Under the Sixth Amendment of the U.S. Constitution, you have the right to have an attorney alongside you to advise and represent you at any time after the police arrest you. Besides trial, your right to an attorney includes pretrial hearings like the arraignment.
But just because you can have a defense attorney present at your arrangement, does that mean you should? What difference can having your lawyer with you in court make at that stage?
The answer is simple. Having your attorney present at every stage of the criminal justice system is a benefit to you. They make sure your rights are protected from violations by police and prosecutors. And they help you keep your options as open as possible so you can resolve the matter in the least disruptive way available.
What happens at the arraignment
The arraignment is the pretrial court appearance at which you enter your plea. In Wisconsin, you can plead guilty, not guilty, or no contest. A no-contest plea is not admitting guilt but works similarly to a guilty plea in that you are saying you will not contest the evidence against you. When the defendant is charged with a felony, the court will hold a preliminary hearing before the arraignment, during which the prosecutor must show that probable cause exists that the defendant committed the crime.
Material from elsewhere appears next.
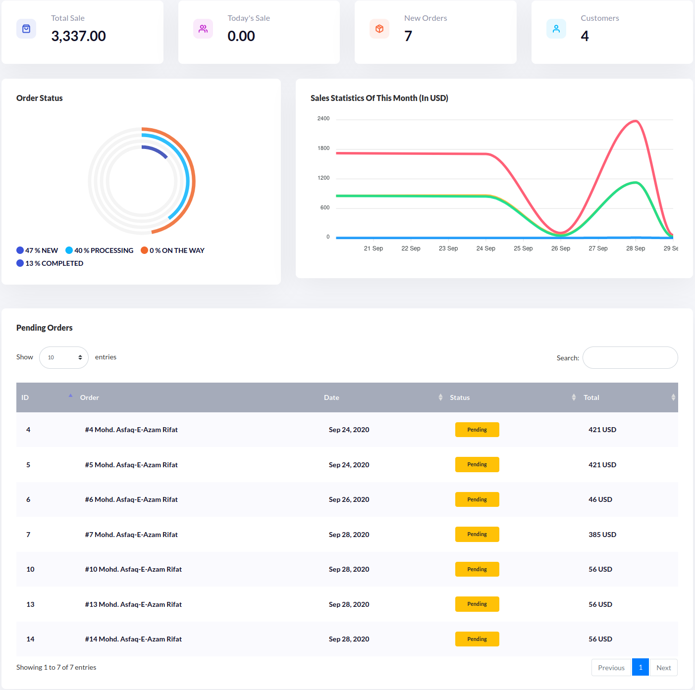 After log into your staff dashboard, you should see bellow screen where you will find various statistics of your Azzoa e-commerce. Interactive sales charts can help you to keep an eye on your e-commerce growth and research.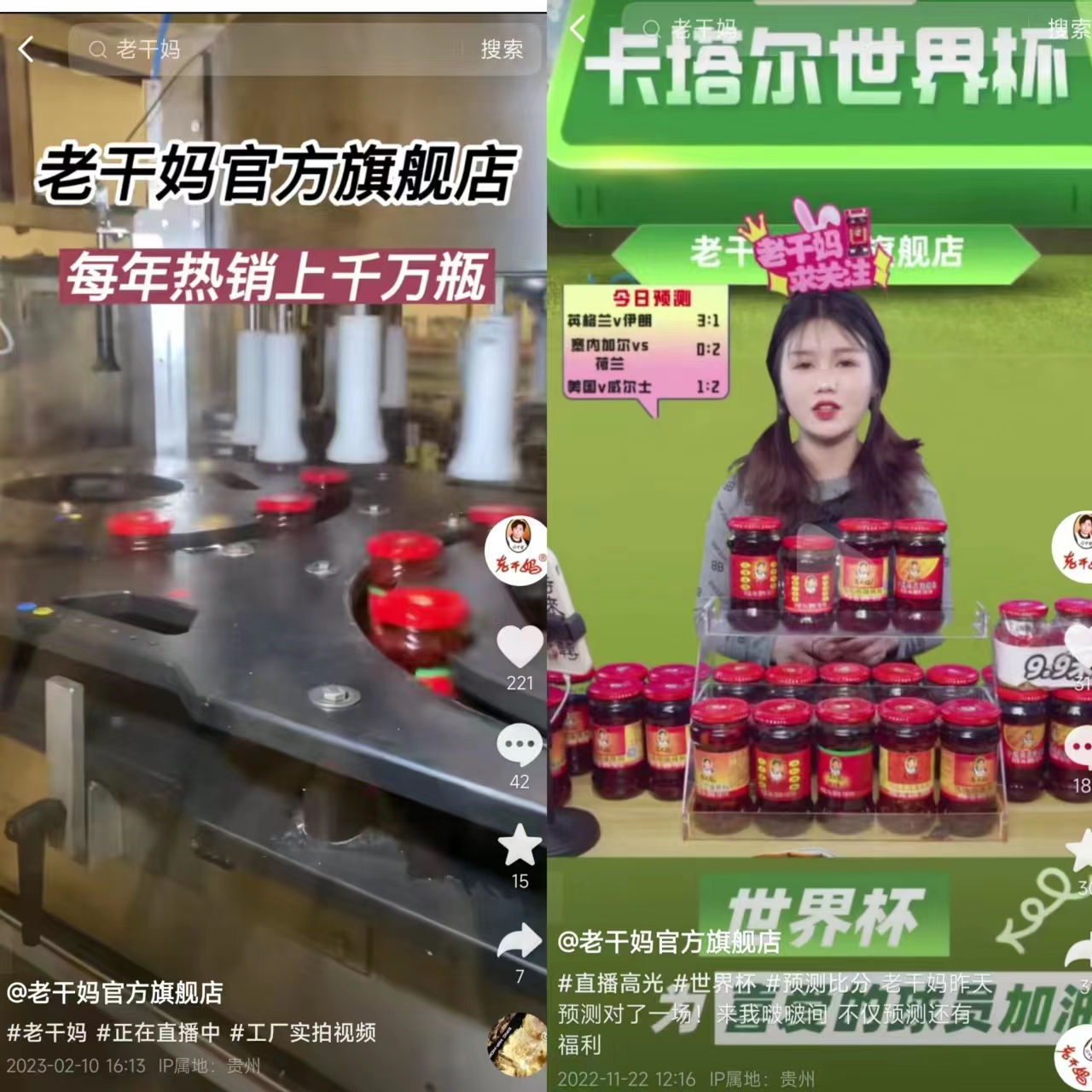 老干妈在抖音并非全然“躺平”。就在2022年11月22日,它还借预测世界杯比分来宣传老干妈直播间。

This is not the same as a trial, and probable cause does not equal guilt.
Obviously, what you do at your arraignment matters. If you plead guilty or no contest, you will be sentenced for the crimes you were charged with. Before you make your plea, you should know what the consequences of each option will be. You should also have a good idea of how strong the prosecution’s case is and whether you can avoid a criminal record and jail time. Your defense attorney can give you this information and help you decide how to proceed.